## **Multiple Linear Regression: Predicting House Prices**

**Objective:**

Your task is to build a **Multiple Linear Regression** model to predict the price of a house based on various features such as its area, the number of bedrooms, and other amenities. This homework will enhance your understanding of how to handle multiple features in regression and how to evaluate a model's performance.

**Dataset:**

You are provided a dataset with the following columns:
1. **price**: The price of the house (target variable).
2. **area**: The area of the house in square feet.
3. **bedrooms**: The number of bedrooms.
4. **bathrooms**: The number of bathrooms.
5. **stories**: The number of stories the house has.
6. **mainroad**: Whether the house is on a main road (yes/no).
7. **guestroom**: Whether the house has a guestroom (yes/no).
8. **basement**: Whether the house has a basement (yes/no).
9. **hotwaterheating**: Whether the house has hot water heating (yes/no).
10. **airconditioning**: Whether the house has air conditioning (yes/no).
11. **parking**: The number of parking spaces.
12. **prefarea**: Whether the house is in a preferred area (yes/no).
13. **furnishingstatus**: The furnishing status of the house (furnished, semi-furnished, unfurnished).


Steps to Complete:

### **1. Data Loading and Preprocessing**
1. **Load the dataset**:
   - Read the dataset using `pandas`.
   - Display the first few rows to understand the structure.

2. **Handle categorical variables**:
   - Convert binary categorical variables (e.g., `mainroad`, `guestroom`, etc.) to numerical values (1 for "yes" and 0 for "no").
   - For multi-class categorical variables like `furnishingstatus`, use one-hot encoding or dummy variables.

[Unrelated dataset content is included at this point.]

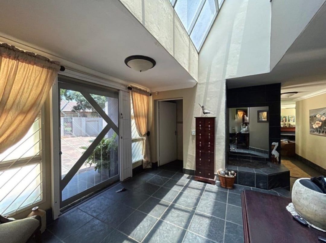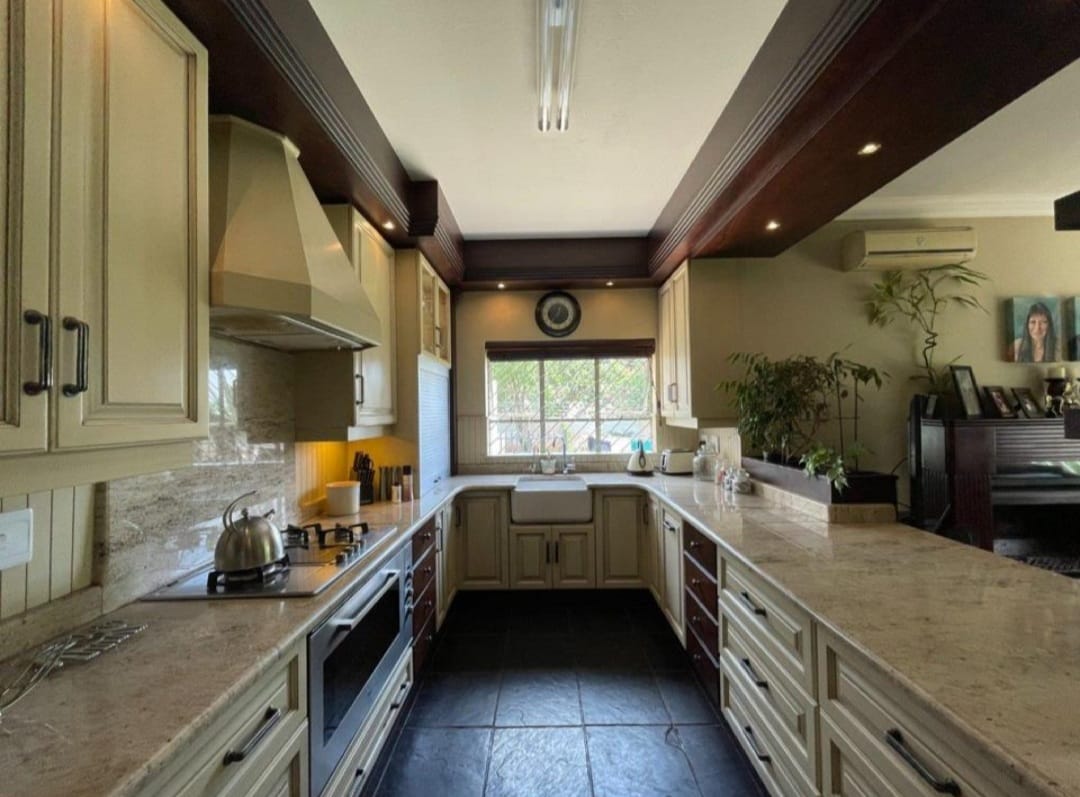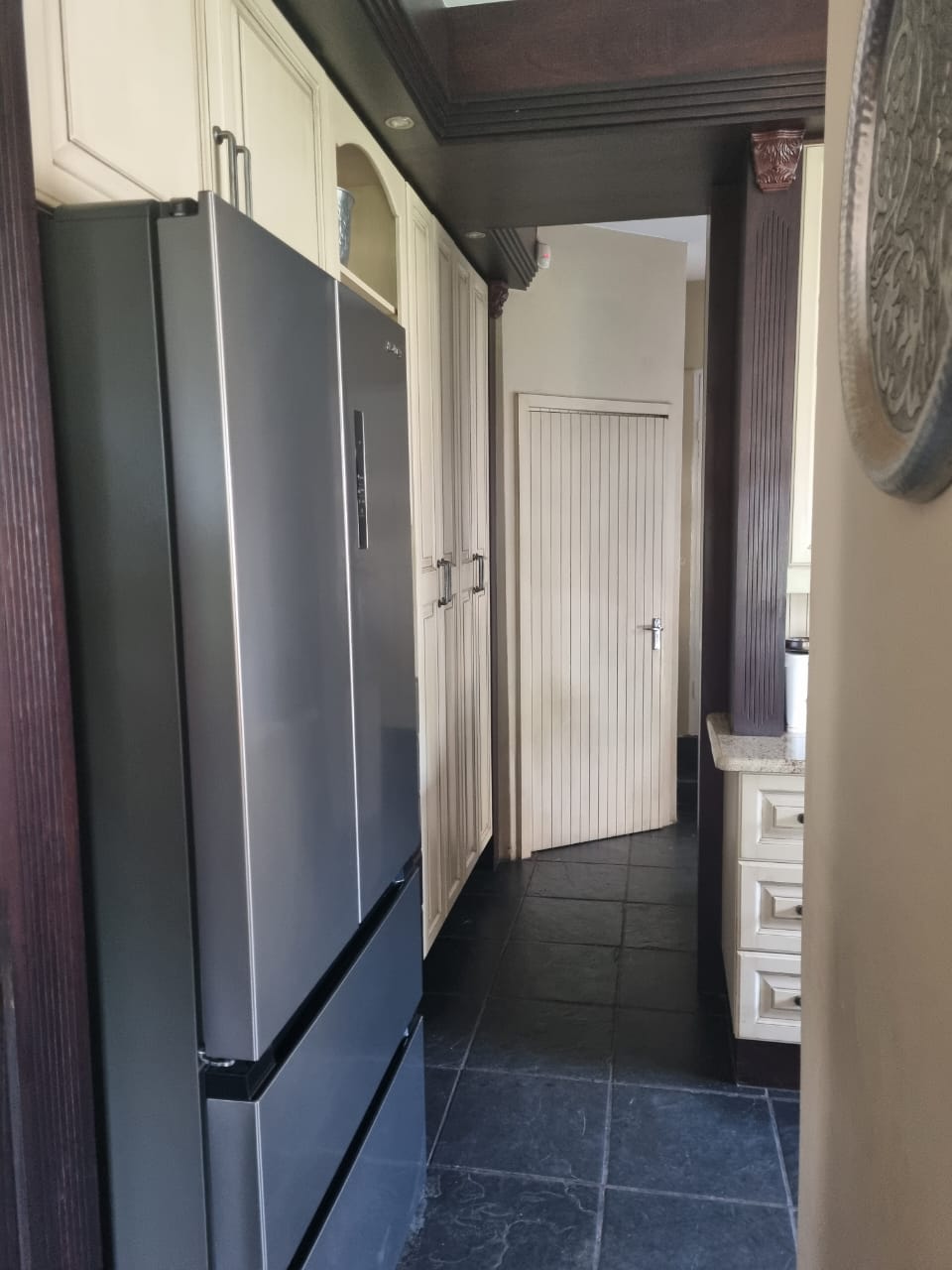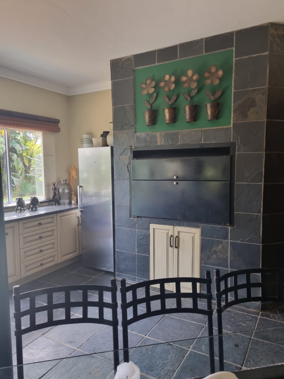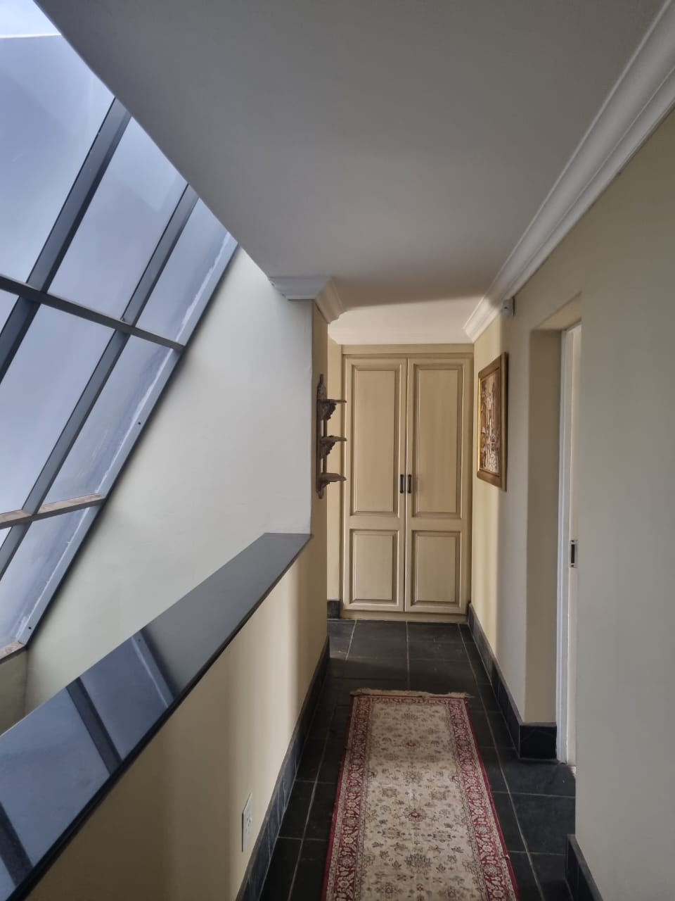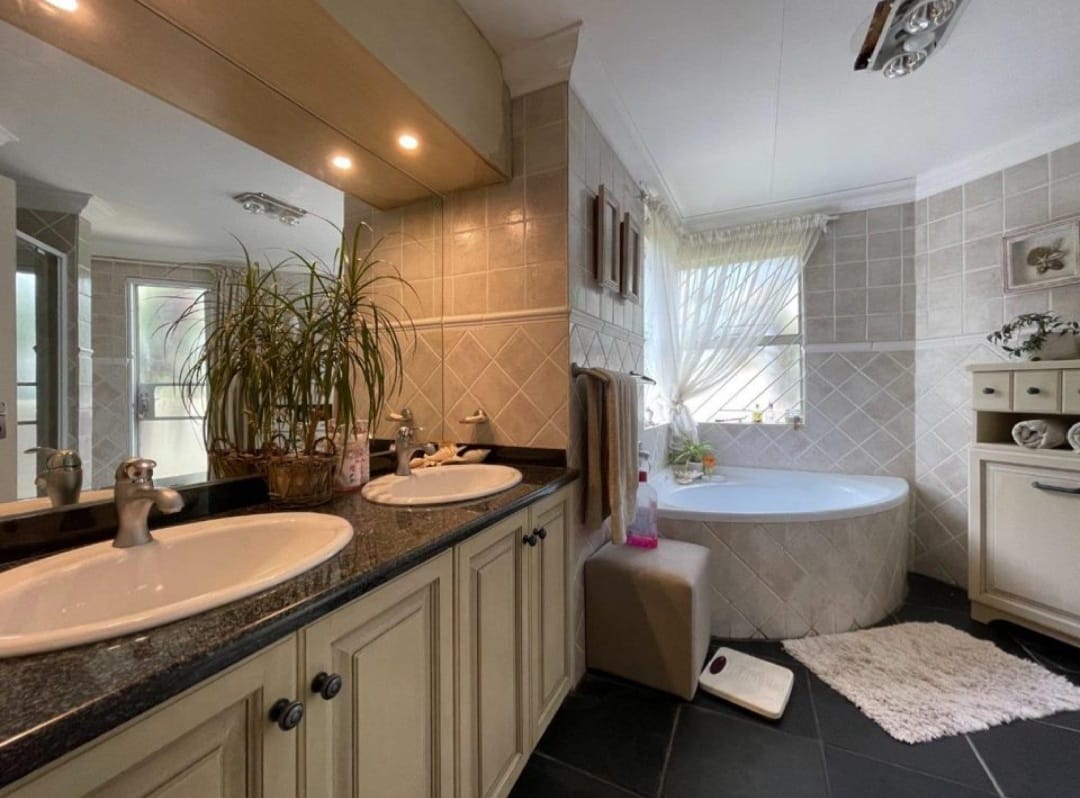 Luxurious 5-Bedroom Double Storey Mansion Experience opulence and grandeur in this stunning 5- bedroom double storey mansion. Perfect for those seeking luxurious lifestyle. Boasting top class quality finishes. The generous reception area with glass pivot door gives you access to this entertainers dream, ideal for a large family. When entering the property you are met by a guest toilet to your left and slate tiled floors throughout the house. Downstairs: Downstairs to your right you will find the prestigious wine cellar with its expert design and construction of custom built mahogany wine racks to solve your wine storage and display needs. There is a private large study that can be used for Home office, neatly carpeted with three perfectly fitted workstations made from Mahogany wood- ideal for the work from home family. There are two formal lounges with luxurious tiling rails. There is an entertainment area equipped with a built in braai, granite tops, slate tiles, jacuzzi and glass sliding doors opening up onto the beautiful, well designed back yard with a covered patio overlooking the well designed koi pond with its natural stone water feature. There is a bar area with solid beech wood finishes. There is a large dinning area adjacent to the kitchen for convenience in serving guests. There is a modern kitchen consisting of a semi-gas and electrical hob and oven, space for double door fridge, modern cupboards, ivory fantasy granite tops, soft closing cupboard doors and drawers, space for a microwave and blinds. The kitchen further offers a scullery with a walk in Pantry, double basin and space for 3 undercounter appliances. Upstairs: There are 5 large bedrooms upstairs, two full bathrooms, Master bedroom is en-suite. Two of the five bedrooms have their own balcony, the master bedroom has an air condition. Four of the bedrooms are carpeted with 100% wool carpets and all bedroom have ample built in cupboards. There is a one bedroom Flatlet, with its own entrance and Carport. The flat consists of one spacious bedroom with en-suite bathroom and ample built in cupboards, a lovely living area and a neat little kitchen. Security features at the house includes an alarm system, motorized security gate, burglar bars, beams, CCTV treli-doors in front of all outside doors. Other features include TV ports in all the rooms and an irrigation system with rain detector. Discover the cosmopolitan convenience and friendly atmosphere of this leafy home.. Extra Features Jacuzzi Gym, koi pond Scenic views from upper floors Ample Parking Ideal for: Large families High end Executives Those seeking luxury and exclusivity Schedule a viewing today and indulge in the finer things in life! This magnificent property has lots to offer seeing is believing, Please book sometime to view this property before its too late.

3. **Check for missing values**:
   - Handle missing values by either imputing (e.g., mean or median) or dropping rows/columns as appropriate.

4. **Feature scaling**:
   - Scale numerical features like `area`, `price`, and `parking` to ensure all variables are on a similar scale.

### **2. Build the Multiple Linear Regression Model**
1. **Split the dataset**:
   - Divide the dataset into training (80%) and testing (20%) subsets.

2. **Model implementation**:
   - Use **Scikit-learn** to fit a Multiple Linear Regression model:
     ```python
     from sklearn.linear_model import LinearRegression
     ```
   - Fit the model using training data and extract the coefficients for each feature.

3. **Optional: Manual Implementation**:
   - Use the **Normal Equation** for manual implementation:
    $$
    \beta = (X^T X)^{-1} X^T y
    $$

### **3. Model Evaluation**
1. **Predictions**:
   - Use the model to predict the house prices on the test dataset.

2. **Evaluation Metrics**:
   - Calculate performance metrics:
     - **Mean Absolute Error (MAE)**
     - **Mean Squared Error (MSE)**
     - **R² Score**

3. **Interpretation**:
   - Discuss the significance of coefficients. For example, how much does the price increase for each additional square foot of area or for houses in preferred areas?

### **4. Visualization**
1. **Correlation Matrix**:
   - Plot a heatmap to show the correlation between features and the target variable.

2. **Predictions vs. Actuals**:
   - Create a scatter plot comparing predicted prices with actual prices.

### **5. Predictions**
1. Use the model to predict the price of a house with the following features:
   - **area**: 2400 sq. ft.
   - **bedrooms**: 4
   - **bathrooms**: 3
   - **stories**: 2
   - **mainroad**: yes
   - **guestroom**: no
   - **basement**: yes
   - **hotwaterheating**: no
   - **airconditioning**: yes
   - **parking**: 2
   - **prefarea**: yes
   - **furnishingstatus**: semi-furnished

**Deliverables:**

1. A Python script or Jupyter Notebook containing:
   - Data preprocessing and feature engineering.
   - Implementation of Multiple Linear Regression.
   - Model evaluation and interpretation.
   - Visualizations of correlations and predictions.
2. A brief report discussing:
   - The impact of different features on house prices.
   - Limitations of the model (e.g., assumptions of linearity or multicollinearity issues).